敗れても誇り…日本代表の「ONE TEAM」 元日本代表・藤井淳の南アフリカ戦解説

構成:スポーツナビ

空中戦でミスがなく、前半は接戦に

南アフリカに敗れ、目頭を押さえる日本代表WTB松島幸太朗 【Photo by Yuka SHIGA】

 ラグビー日本代表は20日、ワールドカップ日本大会の準々決勝で南アフリカ代表に3対26で敗れ、ベスト4進出はならなかった。ここまで4連勝だった日本代表が、この試合でなぜ苦しんだのか? 元日本代表の藤井淳氏(東芝)に話を聞いた。

――初の準々決勝でしたが、前半は3対5と競っていました。

 南アフリカが得意としているキックからの空中戦で、日本がミスなくキャッチできたことが大きかったです。キックをそのまま相手に取られると一気にピンチになりますが、安定してキャッチできていたので、ボールを保持する時間を長くすることができました。

 これはキャッチした選手のスキルが高いのはもちろんですが、ボールを追う相手選手と落下点の間に選手が入る「エスコート」と言われる動きが機能していました。
 ボールの落下点へ走る選手に対して、こちらが走るコースを変えてぶつかりにいくと反則なのですが、今日の日本は落下点と相手選手の最短コースに先に入っていたので反則にならず、相手の到着を遅らせました。時間としては一瞬なのですが、この少しだけ遅らせる動きが効いていたと思います。

力強かった南アフリカのタックル

日本代表はリーチ主将を中心に攻め込んだが、ノートライに抑えられた 【Photo by Yuka SHIGA】

――前半は攻める時間が増えましたが、トライには届きませんでした。

 ボールをキープしながら前に進んでいたのは良かったですし、要所で使っていたキックもバウンドが合えば……というシーンもありました。
 ただ、南アフリカのディフェンスラインの上がりが速く、個々のタックルが非常に強かったです。ボールを持って攻めているのに激しいタックルで押し戻されると厳しくなります。

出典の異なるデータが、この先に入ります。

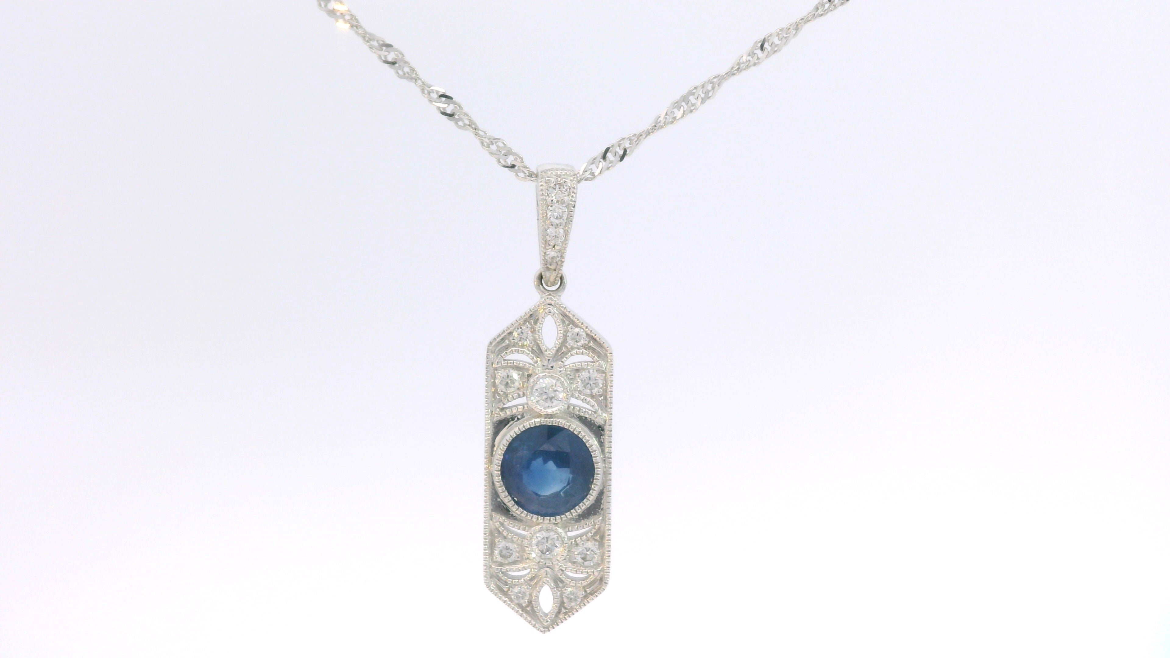 Gemstone Pendant. 14K White Gold Round Diamond Art Deco Pendant On A 14K White Gold 18 Inch Singapore Chain. The Total Diamond Weight Is 0.16 Carats.

――南アフリカのタックルの力強さは、これまでの相手とは違うように感じました。

 アイルランドやスコットランド相手には前に出ることができていましたが、南アフリカの力強さは一段上でした。フィジカルは日本も強くなりましたが、南アフリカはさらに上で世界最強クラスと言えます。

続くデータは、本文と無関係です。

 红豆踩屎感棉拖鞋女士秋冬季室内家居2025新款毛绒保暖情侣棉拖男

 ボールを持った選手が後ろに下げられるとフォローする選手はさらに後ろに戻ってからラックに入らなければいけません。こうした積み重ねで体力を奪われ、後ろに下げられているからラインを組むのが遅くなり、攻撃の勢いも生まれない……という悪循環になっていました。

 南アフリカの個々の選手のパワー、ディフェンスラインを何度も速く上げるフィットネスが素晴らしかったです。過去の南アフリカは体格とパワーを生かしてスローな展開で戦うイメージでしたが、日本の連続攻撃に対応できるだけの体力と粘り強さがありました。